Marginal Effects & Elasticities
Marginal effects represent the amplitude of each feature in our data, i.e., its importance in determining the probability of an alternative. In general, we ask: how does the probability $P_{ni}$ change when we change some attribute $k$ on an alternative $j$?
Let $z_{nj} = [x_{nj}]_k$ represent the $k$-th attribute of alternative $j$:
\[\frac{\partial P_{ni}}{\partial z_{nj}}= - \frac{\partial V_{nj}}{\partial z_{nj}}P_{ni}P_{nj} \quad \text{(7)}\]In the linear utility case, let : \(V_{nj} = \beta_1 x_{nj1}+...+\beta_k \underbrace{x_{njk}}_{:=z_{nj}}+...\) we have
\[\frac{\partial P_{ni}}{\partial z_{nj}}= - \beta_k P_{ni}P_{nj} \quad \text{(8)}\]As an example, this helps us understand how changes in bus price affect the probability of choosing a car.
Elasticity, on the other hand, measures the percentage change in probability in response to a percentage change in the variable. It is defined as:
\[E_{ni, z_{nj}} = \frac{\partial P_{ni}}{\partial z_{nj}} \cdot \frac{z_{nj}}{P_{ni}} = -\frac{\partial V_{nj}}{\partial z_{nj}}z_{nj}P_{nj}\]This expression arises from the general definition of elasticity:
\[\text{Elasticity} = \frac{\%\ \text{change in output}}{\%\ \text{change in input}} = \frac{dP_{ni}/P_{ni}}{dz_{nj}/z_{nj}} = \frac{dP_{ni}}{dz_{nj}} \cdot \frac{z_{nj}}{P_{ni}}\]Thus, elasticity is a rescaled version of the marginal effect, adjusted to provide a unit-free, interpretable measure of sensitivity: it tells us the percentage change in the probability of choosing an alternative $i$ when attribute $z_{nj}$ changes by 1%.
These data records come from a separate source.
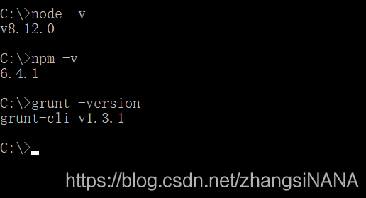 安装成功后,执行grunt -version,显示如下则代表安装成功: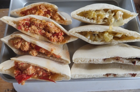 トマト卵炒め、キャベツチーズ炒め、チョコスプレッド
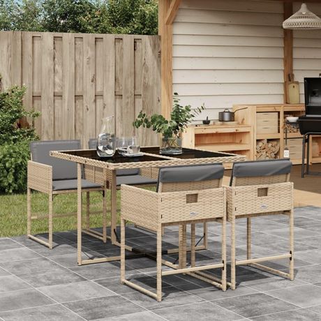Ensemble a manger de jardin coussins 5 pcs melange beige rotin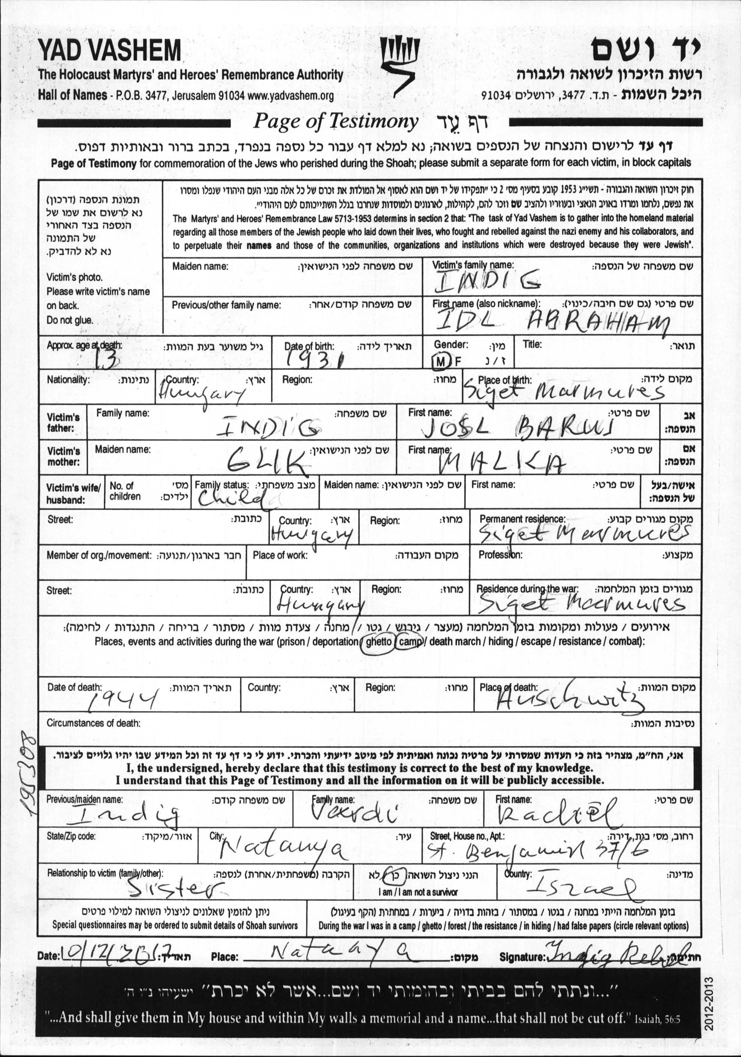 Idl Abraham Indig wurde im Jahr 1931 in Siget, Rumänien geboren. Er war der Sohn von Josl Baruj und Malka, geb. Glik. Er war Jugendliche/-r. Vor dem Zweiten Weltkrieg lebte er in Siget, Rumänien. Während des Krieges war er in Sighet, Rumänien.

Using equation (8), we get:
\[E_{ni, z_{nj}} = \beta_k P_{ni}P_{nj} \cdot \frac{z_{nj}}{P_{ni}}=-\beta_k z_{nj}P_{nj}\]Formally, when $i\neq j$ we refer to this as cross-elasticity, and one thing to note here is that $i$ (the alternative) is not present in the right-hand side. This is the result of what is known as the Independence of Irrelevant Alternatives (IIA).
Independence of Irrelevant Alternatives (IIA)
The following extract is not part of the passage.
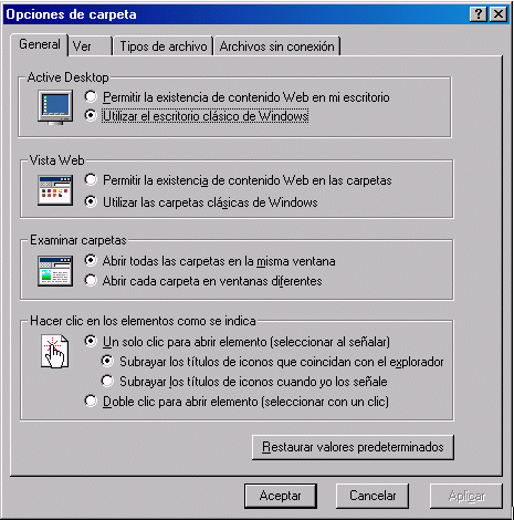 y seleccionar la opción Utilizar carpetas clásicas de Windows,

Formally, IIA states that the ratio of any two logit choice probabilities $i,j$ does not depend on attributes of any other alternative. For our multinomial logit model, this is easy to see as:
\[\frac{P_{ni}}{P_{nk} }= \frac{e^{V_{ni}}}{ e^{V_{nk}}} \quad \text{(9)}\]Pros and Cons:
Pro: When the choice set is too large, IIA does not care; we only have to consider a subset of alternatives. Think about the decisions that occur each minute.
Con: Consider commute options: blue bus (bb) and car (c). Assume for simplicity that $P_c=P_{bb}=1/2$ (and hence $P_c/P_{bb}=1$). Now, assume a new red bus (rb) is introduced. Adding a new alternative does not change our ratio from before, $P_c/P_{bb}=1$ (this is the assumption of the IIA). But if our commuter does not care about the bus color, then to him $P_{bb}=P_{rb}$, which means $P_c/P_{bb}=1=P_{rb}/P_{bb}$, hence $P_c=P_{rb}$. This yields that all probabilities are equal, and since they must sum to 1, we get that they all equal 1/3. For our commuter, the true decision hasn’t changed; it’s still car vs. bus, hence the car’s probability should have remained 1/2. But in fact, the model says that now there is a 2/3 chance our commuter will pick a bus, which is a contradiction.
Scale Parameters
Recall that as $\varepsilon$ is a type I extreme value distribution, the variance is $\pi^2/6$. But let us define a new random utility $\varepsilon^_{nj}$ with variance $\sigma^2 \pi^2/6$, and an associated $U^{nj}=V{nj}+\varepsilon^*_{nj}$.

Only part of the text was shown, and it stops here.